Question

我有一个用于清除设置停用词文本的功能：

def clean_text(raw_text, stopwords_set):
    # removing everything which is not a letter
    letters_only = re.sub("[^a-zA-Z]", " ", raw_text)
    # lower case + split --> list of words
    words = letters_only.lower().split()             
    # now remove the stop words
    meaningful_words = [w for w in words if not w in stopwords_set]
    # join the remaining words together to get the cleaned tweet
    return " ".join(meaningful_words)

在pandas数据框中有160万条Twitter推文的数据集。
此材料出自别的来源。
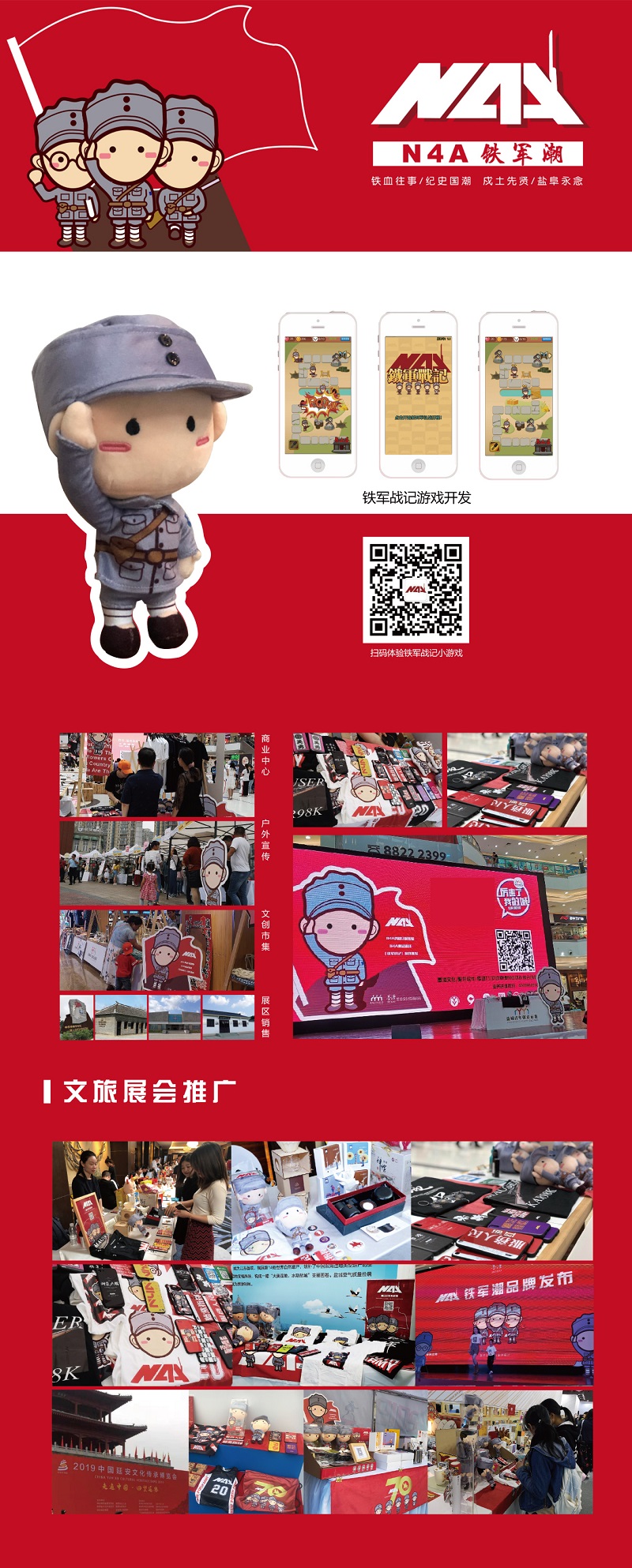 “N4A铁军潮”系列产品先后参加延安文化传承博览会、第二届长三角国际文化产业博览会、创+生活节(上海)、南京路上好八连纪念馆、江苏省版权博览会、盐城文旅纪念品上海推荐会等展出,产品得到了广大消费者的喜爱,同时对红色文化的传播开辟了市场驱动型的爱国主义教育新路径。

如果我只是apply这个函数对数据帧如下：

dataframe['clean_text'] = dataframe.apply(
    lambda text: clean_text(text, set(stopwords.words('english'))),
    axis = 1)

计算需要2分钟才能完成（大约）。但是，当我像这样使用np.vectorize时：

dataframe['clean_text'] = np.vectorize(clean_text)(
    dataframe['text'], set(stopwords.words('english')))

计算在10秒（大约）之后结束。

如果不是两种方法只在我的机器上使用一个核心，那本身就不会令人惊讶。我假设，使用vectorize，它会自动使用多个内核来更快地完成，这样可以获得更快的速度，但它似乎做了不同的事情。

numpy''vectorize`做什么样的“魔术”？

Answer 1

我想知道vectorize如何处理这些输入。它旨在获取数组输入，相互广播它们，并将所有元素（作为标量）提供给您的函数。特别是我想知道它是如何处理set的。

使用您的功能和print(stop_words)添加，我得到了

In [98]: words = set('one two three four five'.split())
In [99]: f=np.vectorize(clean_text)
In [100]: f(['this is one line with two words'],words)
{'five', 'four', 'three', 'one', 'two'}
{'five', 'four', 'three', 'one', 'two'}
Out[100]: 
array(['this is line with words'], 
      dtype='<U23')

该集显示两次，因为vectorize运行测试用例以确定返回数组的dtype。但与我担心的是将整个集合传递给函数相反。这是因为在数组中包装set只会创建0d对象数组：

In [101]: np.array(words)
Out[101]: array({'five', 'four', 'three', 'one', 'two'}, dtype=object)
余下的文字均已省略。